Bataysk Historical Museum
- Established: 22 April 1979
- Location: 51a Kirov Street, Bataysk, Rostov oblast, Russia
- Coordinates: 47°08′16″N 39°44′33″E﻿ / ﻿47.13780°N 39.74244°E
- Director: Zaburdyaeva Lyudmila Nikolaevna
- Website: "музейбатайска.рф". Archived from the original on 2017-02-02.

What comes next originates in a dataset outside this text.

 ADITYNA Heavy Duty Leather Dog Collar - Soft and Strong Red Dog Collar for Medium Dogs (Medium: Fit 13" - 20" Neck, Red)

= Bataysk Museum of History =

Museum in Bataysk, Rostov, Russia

The Bataysk Museum of History (Russian: Батайский музей истории) is a historical museum in Bataysk, Rostov Oblast, Russia. The modern building of the museum is located in culture and recreation park of the city in the Kirov street, 51a.

== History ==
The first museum in Bataysk was opened in 1966 and was in a local cinema. Its original name was "The Museum of Revolutionary, military and Labor fame" It was located in only two rooms and its fund had only about 400 exhibits. The modern building of the museum was erected in 1979. The opening took place on 22 April of the same year.

The museum was named since 1993. At the moment its exhibition area is 430 square meters.

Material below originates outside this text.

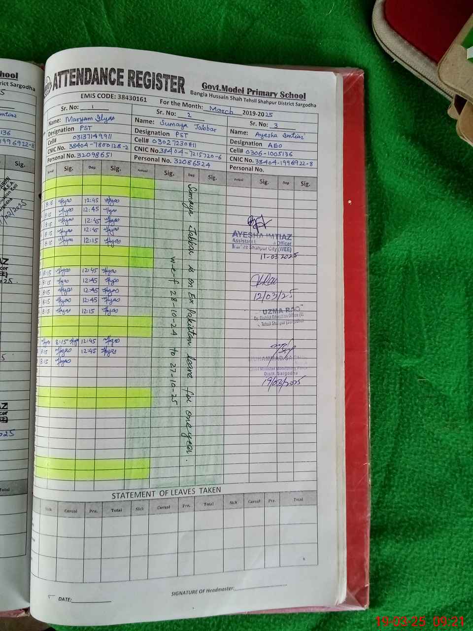 | Name: MA**** IL**** Designation: (School Headmaster's/Headmistress's) PST Phone/Cell Number: 03**** |

== Expositions of the museum ==
The contemporary museum exposition features are the town history, ethnography, and archeology. The museum has about 9 thousand original documents dedicated to the history of Bataysk.

The museum has three exposition halls:

- The Hall of Military Fame presents unique items from the Civil and the Great Patriotic Wars periods. The Bataysk sanctuary, the Memorial Wall with the names of all the town citizens, who died during the Great Patriotic War, is located within the hall territory. From time to time there are held solemn events, meetings of veterans of wars and meetings of search groups in the hall
- Hall of Local Lore
- Exhibition Hall

Expositions:

- The Bataysk Museum takes pride of the memorial exposition, devoted to the Baranov’s and Serov’s aviation schools history. 104 graduates from the town aviation schools were honored by the Hero of USSR title, five of them were honored with this title twice. The town is proud of its noble citizens. The most famous graduates are the legendary pilot Alexey Maresyev, the prototype of the main character of Boris Polevoy's novel "Story about a True Man", poet Ivan Shamov, who repeated the feat by Nikolay Ostrovskiy.
- Personal belongings of the first pilots-cosmonauts Vladimir Komarov, Yevgeny Khrunov, Victor Gorbatko.
- The museum features interesting exhibition, devoted to the history of Bataysk railway junction, one of the largest in Russia. The Vladikavkaz Railway line was constructed in 1875, by the Emperor Alexander II order. Ever since, Bataysk became the gateway to the Caucasus.
- The museum has unique ethnography displays, presenting a combination of the local habits and ways in various spheres, agricultural, industrial and cultural.
- Permanent exhibition of works of the Bataysk artist N.S. Losevsky.